TASK OBJECTIVE => Print verbatim the lines from the beginning of the entries through the line containing "平林小学校と新北島小学校3・", both ends included. Pictures should be left out.

STUDY MATERIAL =>
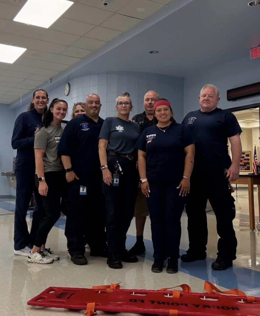 The training was made possible with the support of the Rocky Point Ambulance Company, sideline physician Dr. DeGiorgio, and varsity football players Christian Romero and John McKenna, who volunteered as “victims” for helmet removal and neck brace scenarios.
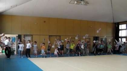 平林小学校と新北島小学校3・4年生の希望者が、中学校科学部員に教わりながら、傘袋ロケット作成し飛ばしました。12m超える飛距離の出たものもありました。
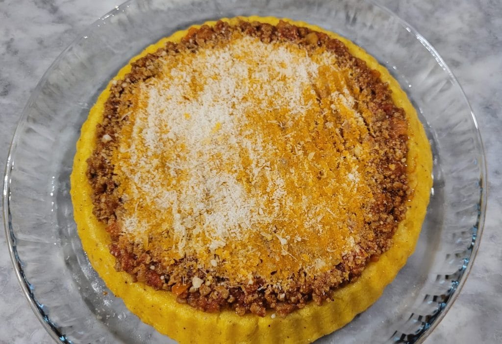 The Polenta Cake with Ragù is a unique, tasty, and hearty dish. To make this cake, I used instant polenta, but if you have the opportunity, you can use cornmeal which requires more time for cooking. Once ready, I put it in a tart pan and placed it in the air fryer to make it a bit crispy, added the ragù with a nice sprinkle of Parmesan, and put it back to gratin…well, delicious! For the ragù preparation, I refer you to the recipe for Lasagna Bundles in Air Fryer, to speed up this time I replaced the fresh sauté with the frozen one.
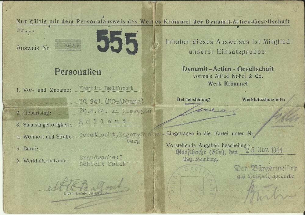 Ausweis van Dhr Balfoort te Nijmegen
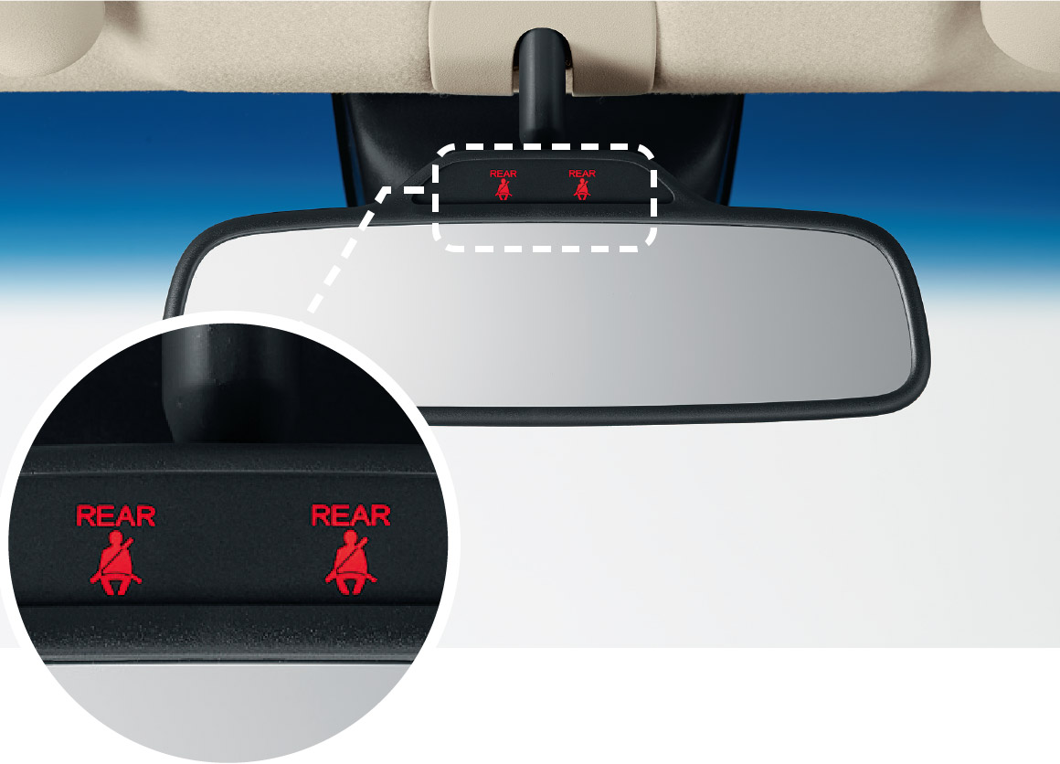 後席からも見やすいルームミラー上部のランプでお知らせし、シートベルトの着用を促します。
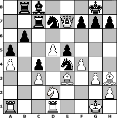 Partie-Notation im PGN-Format [Event "Vereinsmeisterschaft"] [Site "www.mySchach.de"] [Date "2006.08.24"] [Round "2"] [White "BirdofPray1"] [Black "bjeu"] [ECO "A05"] [WhitemyELO "2115"] [BlackmyELO "2177"] [Result "1-0"] [TimeControl "10/2592000"] [WhiteDays "68"] [BlackDays "69"] [MySchachNr "27963"] 1. Nf3 Nf6 2. g3 b6 3. d3 d5 4. Bg2 Bb7 5. O-O e6 6. c4 Nbd7 7. cxd5 Nxd5 8. e4 N5f6 9. Nc3 Be7 10. Re1 O-O 11. d4 a5 12. Bf4 Rc8 13. Nd2 c5 14. d5 e5 15. Be3 c4 16. a4 Ba6 17. Bh3 Bb4 18. Qf3 Rc7 19. Red1 Qe7 20. Rac1 Bxc3 21. bxc3 Rb8 22. Ra1 Ne8 23. Qh5 Nef6 24. Qh4 Bc8 25. f4 Nxe4 26. Qxe7 1-0 Stellungs-Notation im FEN-Format 1rb3k1/2rnQppp/1p6/p2Pp3/P1p1nP2/2P1B1PB/3N3P/R2R2K1 - - - 0 26 Geschlagene Figuren Weiss: Geschlagene Figuren Schwarz: Klicken Sie auf eine geschlagene Figur um den gewünschten Zug darzustellen!
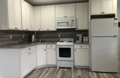 This, open floor plan, property has been completely remodeled and updated including a brand new kitchen. The kitchen has all new appliances. This place has wall to wall ''wood'' tile that gives a coastal boardwalk feel. The guest will enjoy a spacious master bedroom with a large walk in closet and a gorgeous spa like bathroom. The master bedroom has a queen and a trundle bed. The living room has a comfortable king pull out memory foam sofa bed. If you need to work, there is a full desk. The large screen smart TV is ready for you to sign into any of your streaming accounts.
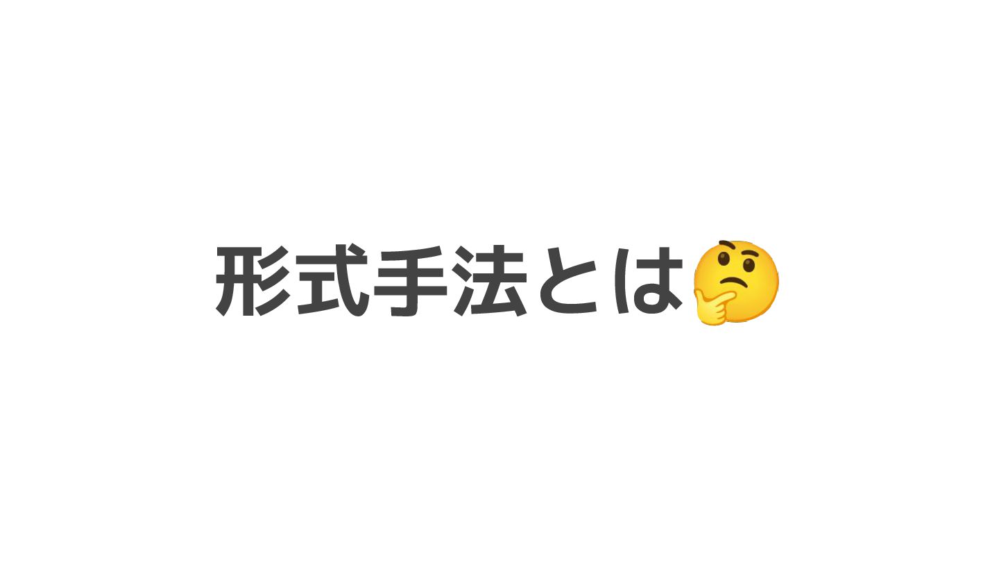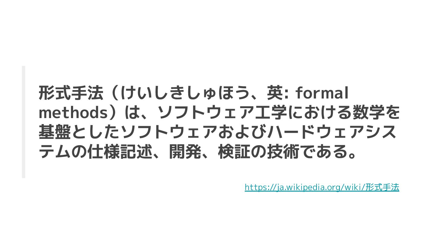 形式手法(けいしきしゅほう、英: formal methods)は、ソフトウェア工学における数学を 基盤としたソフトウェアおよびハードウェアシス テムの仕様記述、開発、検証の技術である。 https://ja.wikipedia.org/wiki/形式手法
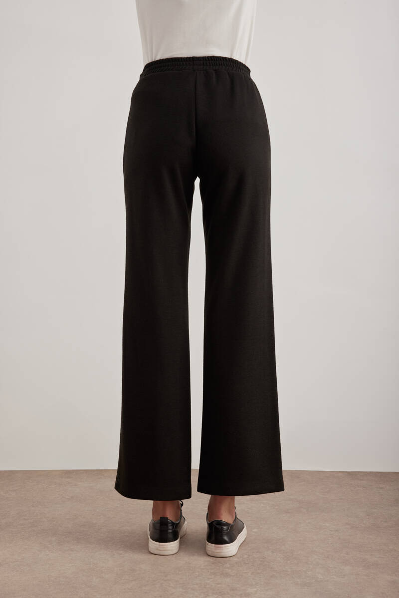 Siyah Beli ve Paçası Lastikli Balon Form Keten Pantolon
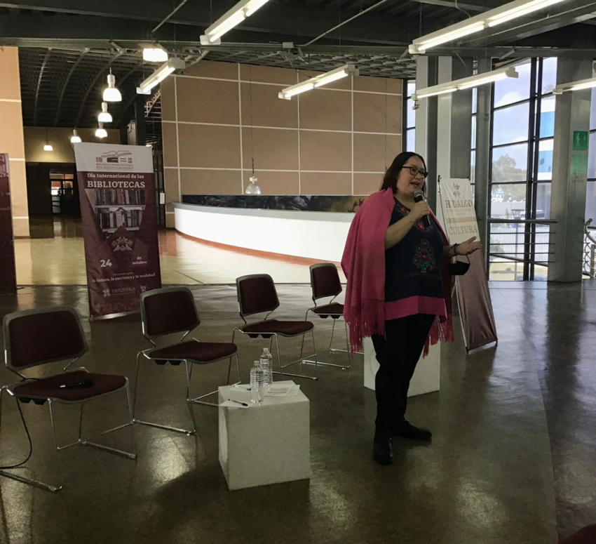 También habló sobre el panorama al que se enfrentan las bibliotecas en las comunidades indígenas, donde en Hidalgo prevalecen el náhuatl y hñähñú, pero carecen de libros publicados en sus idiomas originarios.

EXERCISE RESPONSE =>
 The training was made possible with the support of the Rocky Point Ambulance Company, sideline physician Dr. DeGiorgio, and varsity football players Christian Romero and John McKenna, who volunteered as “victims” for helmet removal and neck brace scenarios.
 平林小学校と新北島小学校3・4年生の希望者が、中学校科学部員に教わりながら、傘袋ロケット作成し飛ばしました。12m超える飛距離の出たものもありました。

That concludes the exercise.